Branding for Beginners

What is a brand? Is it a name? A logo? Can a person be a brand? What about big name brands that sell products under different brand names? It’s all a bit of a minefield.

When you look up the word ‘brand’ in the Oxford Dictionary, there are a number of meanings. It can be the name of a product created under another particular name, it can refer to an identity or image, a particular type or kind of something or it can be a mark on burnt onto livestock. Ouch.

Looking past these definitions though, we believe a brand is more than all of that. It is a promise. A promise to your customer, a promise to yourself and a promise to the business you’ve worked so hard to create.


When people see your logo, they may recognise the company name or the service you sell. But how does that logo (your visual brand identity) make them feel? That’s the important thing. That feeling will either keep them coming back again and again or send them running towards the nearest laptop to Google your biggest rival.

We can wrap our products and services up in a pretty package (both literally and figuratively) but what if the items or services we deliver don’t match up to our brand promise?

Whether you’re a sole trader or an employer of ten or more staff, your brand promise is key to building your business and keeping your clients happy.


Brand strategy is a fancy way of saying ‘brand promise’. It is everything from your logo, name and marketplace to the experience your client has when engaging with your company and your product or services.

A brand strategy needs to be consistent and constant. It is always advisable to think about the image you want to project and how you want to project it. Be careful, it’s not always about what you like and your tastes. It is always about your target audience.

For example, if you’re a wedding planner, your brand needs to speak to that hopeful couple about to make the biggest commitment of their lives. Your logo, your language and image should communicate love and romance for the traditional bride and groom. If you plan destination weddings, think about the images; tropical beaches, luxury hotels. Your brand promise needs to reassure your client that their biggest day is safe in your hands.
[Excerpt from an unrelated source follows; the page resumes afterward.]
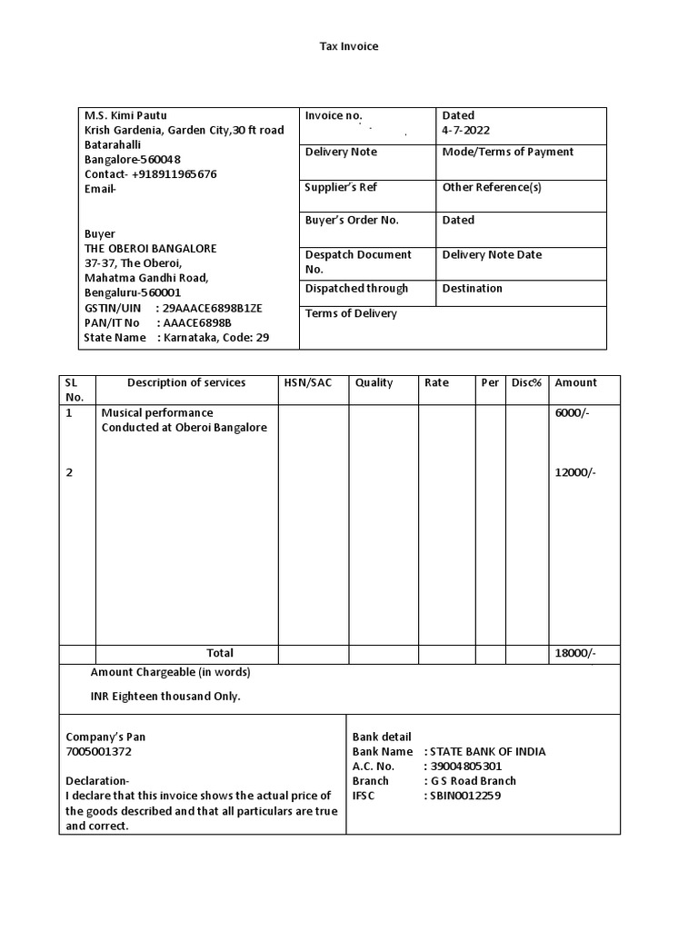SL Description of services HSN/SAC Quality Rate Per Disc% Amount

Simply put, your brand promise is what makes your service or product desirable. It’s why a customer will choose you over a rival.


So how do you go about keeping this promise? These are our three key points to consider when planning your brand strategy and keeping your promise:

  1. 1. Be consistent.
    Think Starbucks. As a customer you hope when you ask for a skinny latte with an extra shot, your product will be hot, strong and served relatively quickly. It isn’t good enough if you only get this nine times out of ten. The enormous success of Starbucks’ is that it delivers. Hot, strong and as fast as possible, every time. Would customers go back again and again if their coffee was lukewarm and took 15 minutes to make?
  2. 2. Be real.
    Making a brand promise is about creating an idea that is realistic and achievable. For example, when Amazon Prime launched its one-hour delivery service, it was only launched in areas the company could deliver to. This enabled them to keep their promise, even on a smaller scale than many online shoppers would like. Amazon is one of the most popular retailers online and has overtaken many high street stores. How? By delivering realistic timescales and good quality products.
  3. 3. Be worth it.
    If your brand is selling a product which promises to be far better than anything else on the market, price it accordingly. Give your customer value. Would you buy that £3,000 Prada handbag if the zip came loose after one wear? We certainly wouldn’t. Be objective about what you’re offering and think about the value your brand is adding.


To define the term ‘brand’ is quite difficult as it is so much more than the logo and the visuals you’ve worked hard to create. It’s the content of your website, the way you speak to your customers, the story you tell. Its also your customer service and the client experience. All these elements tie together to create your brand’s reputation and essentially its promise.

Your brand includes ideas and perceptions that aren’t always in your control and not always created by you. A strange thought, but true. Ultimately your brand is a combination of how you define and promote yourself and how others define and perceive you.

Quality, value and meeting expectations- those are the basics of how to keep a brand promise and are crucial for business owner or brand ambassador to remember.